---- Exercise input

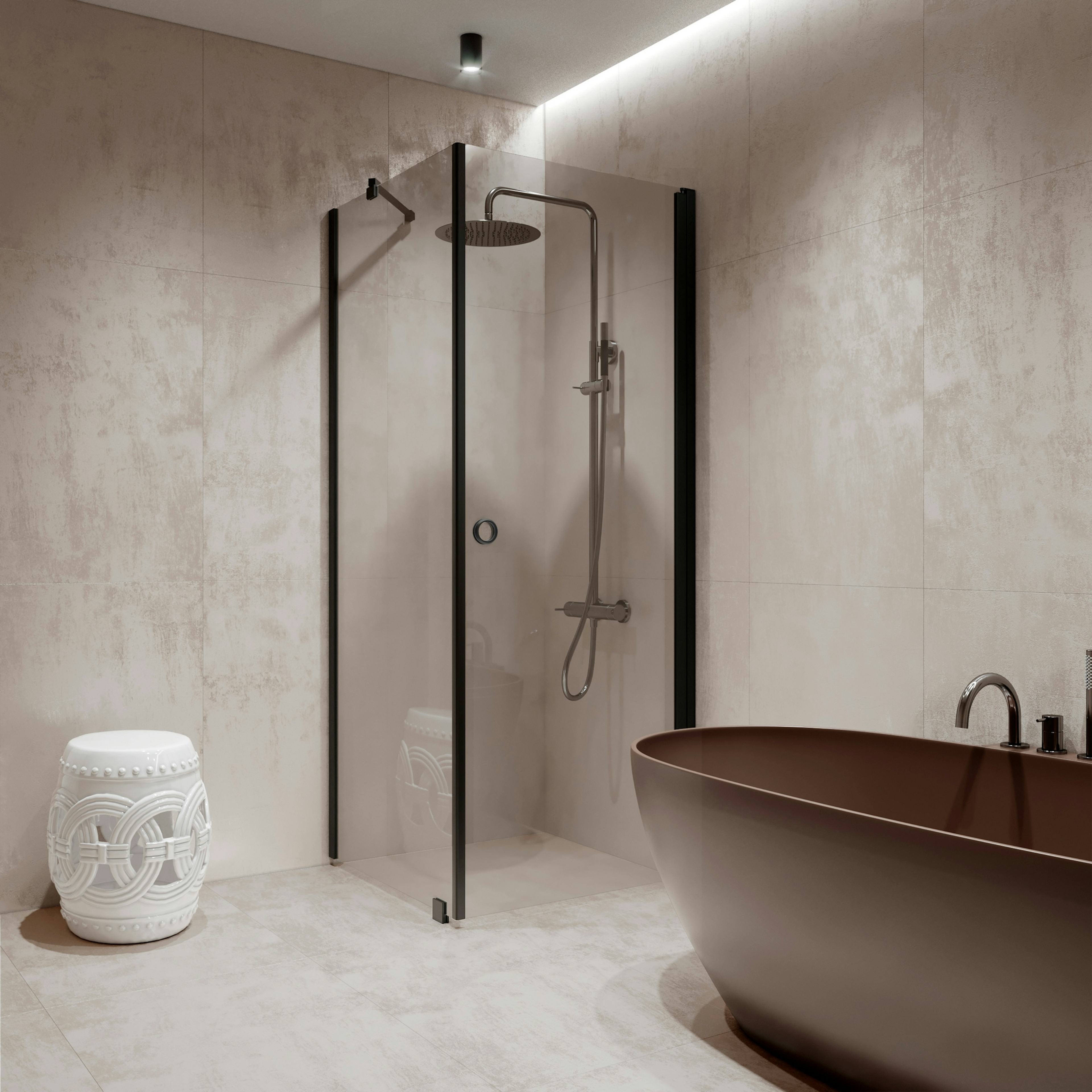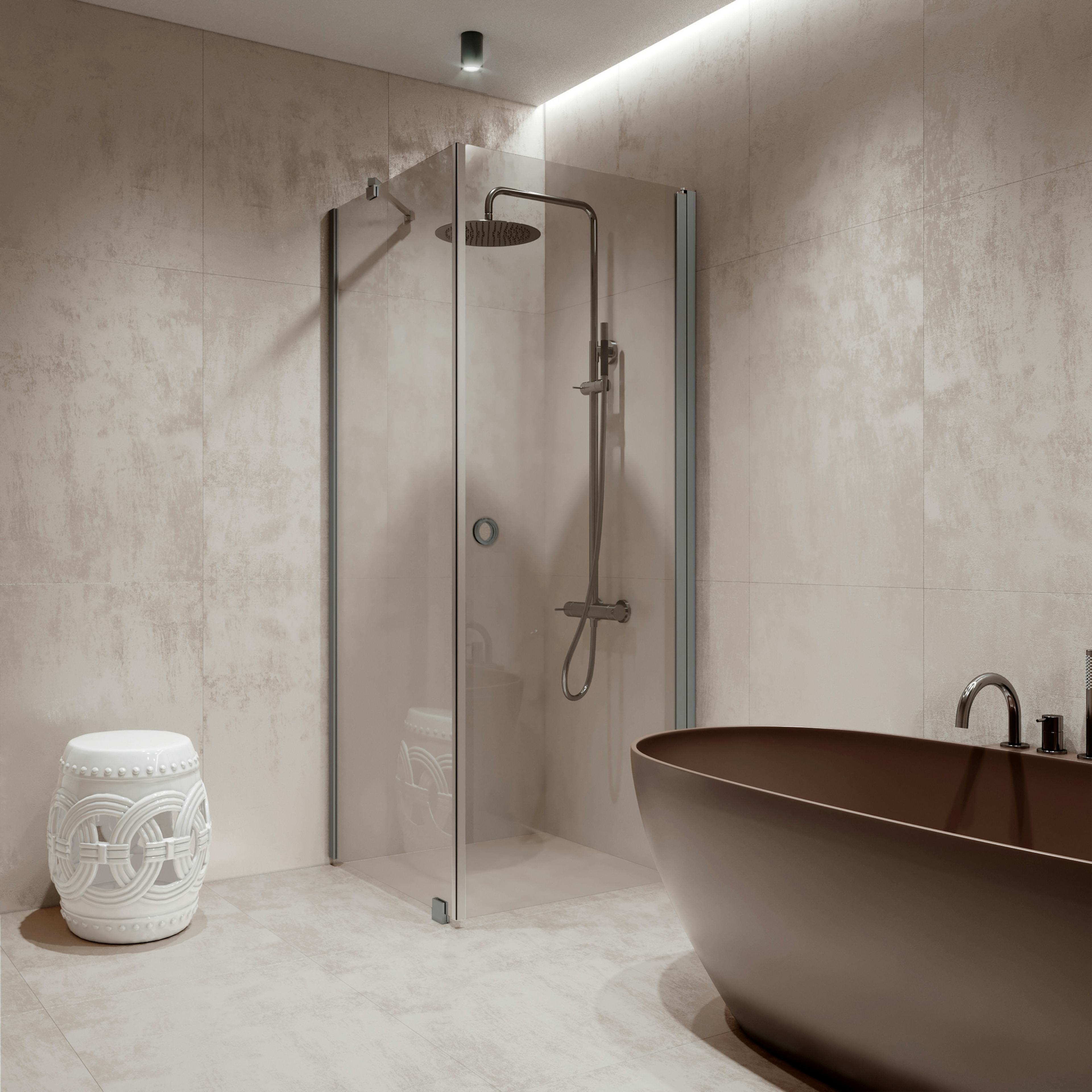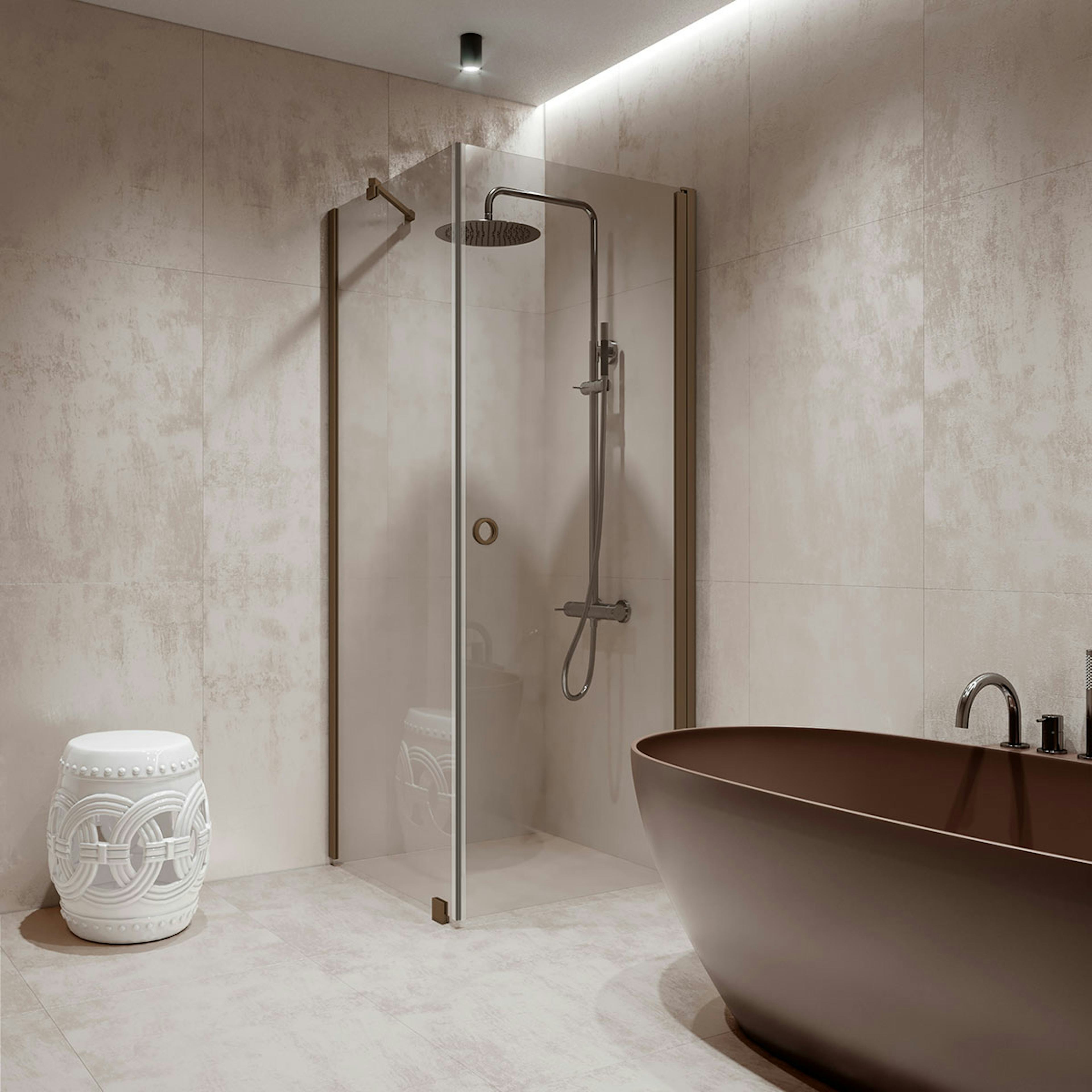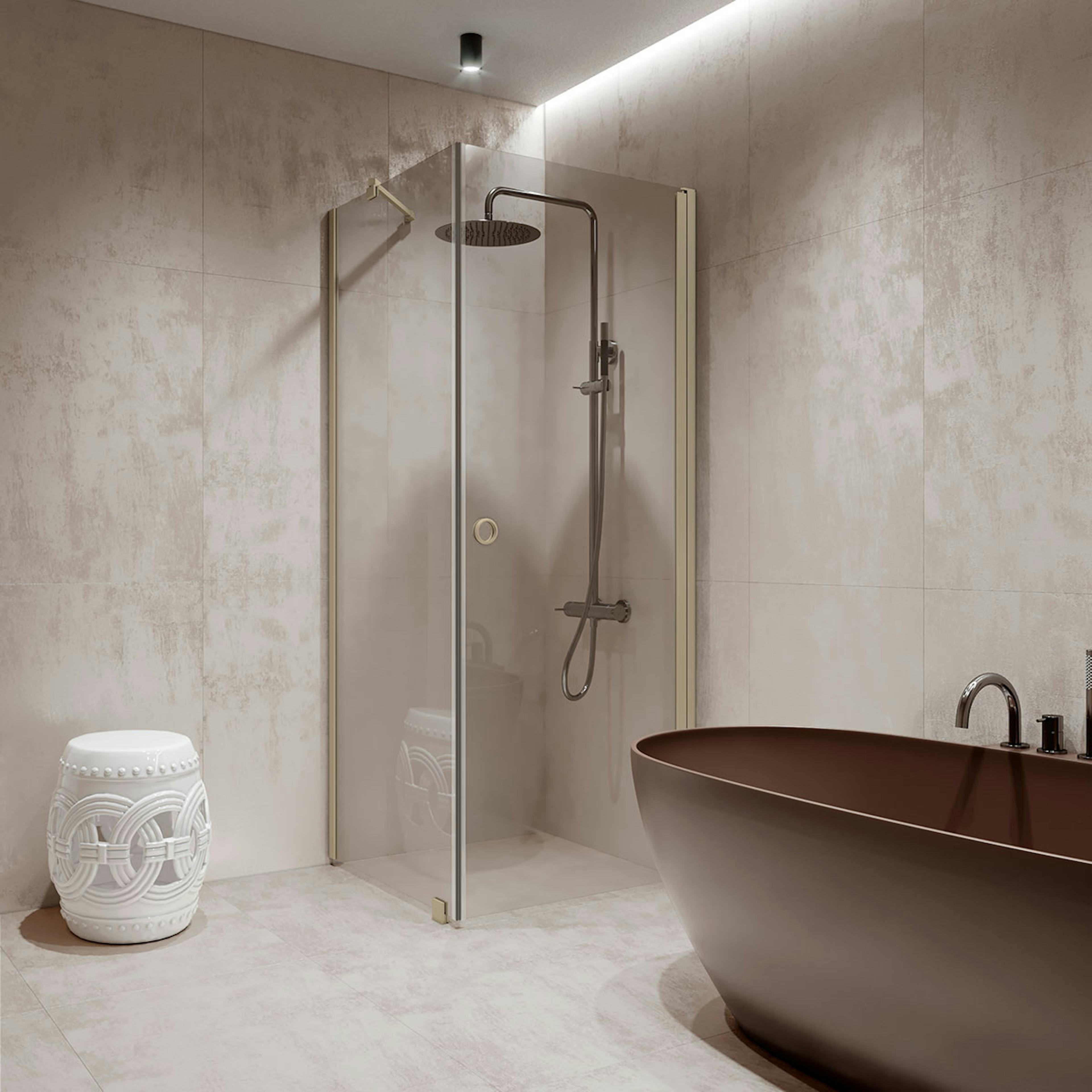 Duschhörn Hietakari Forma 368 Fast Vägg och Vändbar Dörr902 Fast Vägg (A) x 907 Vändbar Dörr (B) mm, Satin, Sand Profiler
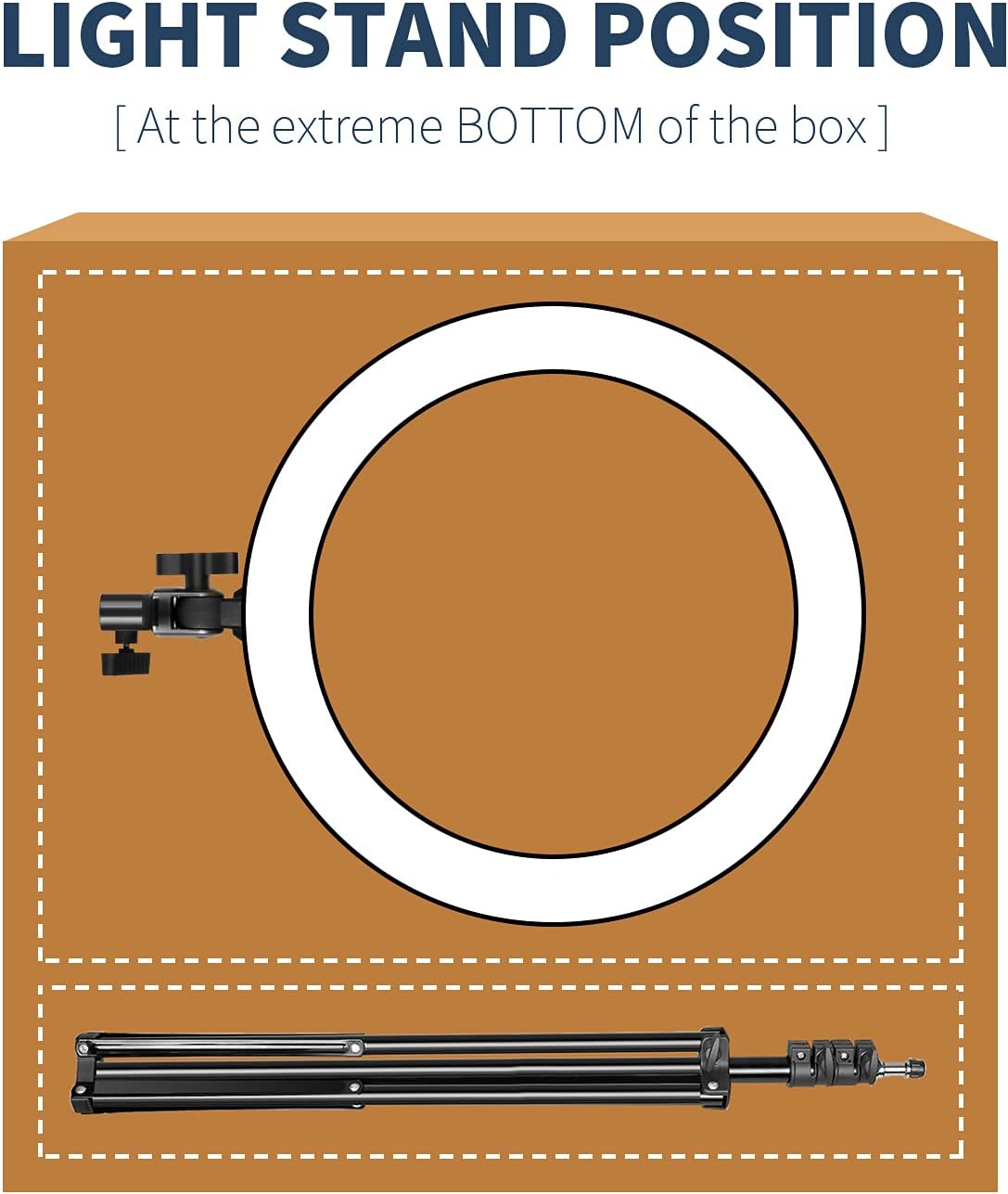 Incluído: Anel 46cm ou 53cm bicolor LED; 2 baterias F550; Carregador baterias; Comando Bluetooth; Bolsa para o anel; Suporte de telemóvel; Fonte alimentação; Suporte rotativo para DSLR.
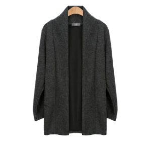Open Shawl-Collar Stretch Knit Half-Long Cardigan
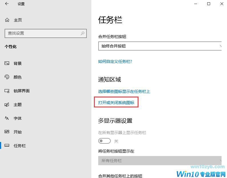 4、在任务栏界面中,点击选择打开或关上系统图标选项;
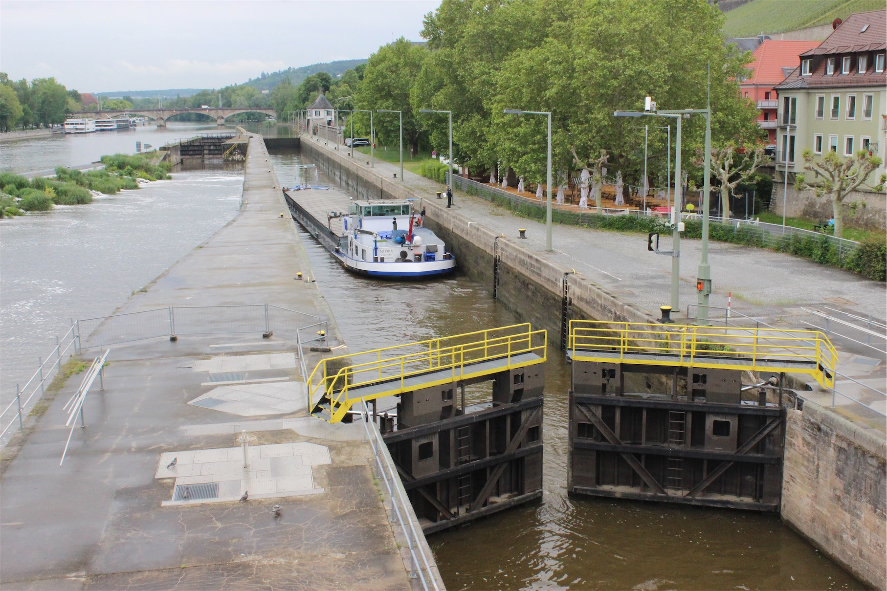 We stood on the bridge and watched a barge come through. To allow the barge through the bridge uses a complex lock process that raises and lowers the boat. It was great to just be standing there watching something that is so common place to the locals, but so entirely alien to us.
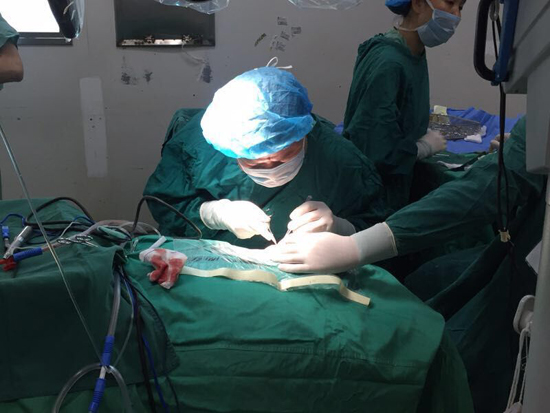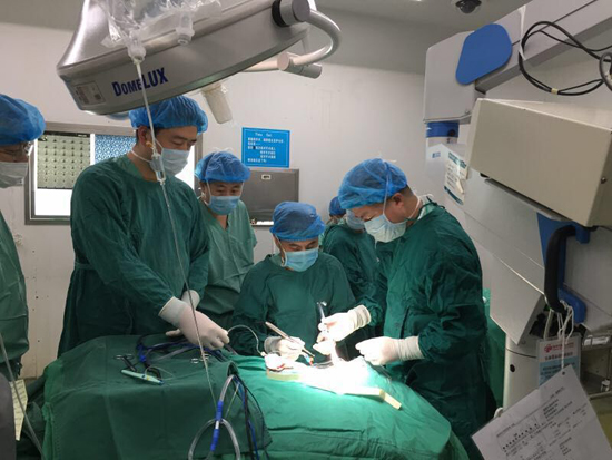 为确保手术成功,郴州市第一人民医院特邀国际著名耳科专家、国内行耳蜗植入术例数最多、北京协和医院曹克利教授亲临指导。在曹克利教授指导下郴州市第一人民医院耳鼻喉科主任唐金勇采用小切口,在显微镜下仔细地磨开乳突,精细地打开面神经隐窝,并注意保护好面神经,充分暴露圆窗龛,于圆窗龛前下方打开鼓阶,并精心细致地将人工耳蜗电极植入耳蜗内,手术很成功,术中监测,人工耳蜗电极反应良好,手术后没有面瘫等并发症。

--------

• [Exercise directions] From the records above, copy exactly the lines starting at the one with "Open Shawl-Collar Stretch" and ending at the one with "We stood on", and no others. Pictures stay out.

• [Solution for this problem]
Open Shawl-Collar Stretch Knit Half-Long Cardigan
 4、在任务栏界面中,点击选择打开或关上系统图标选项;
 We stood on the bridge and watched a barge come through. To allow the barge through the bridge uses a complex lock process that raises and lowers the boat. It was great to just be standing there watching something that is so common place to the locals, but so entirely alien to us.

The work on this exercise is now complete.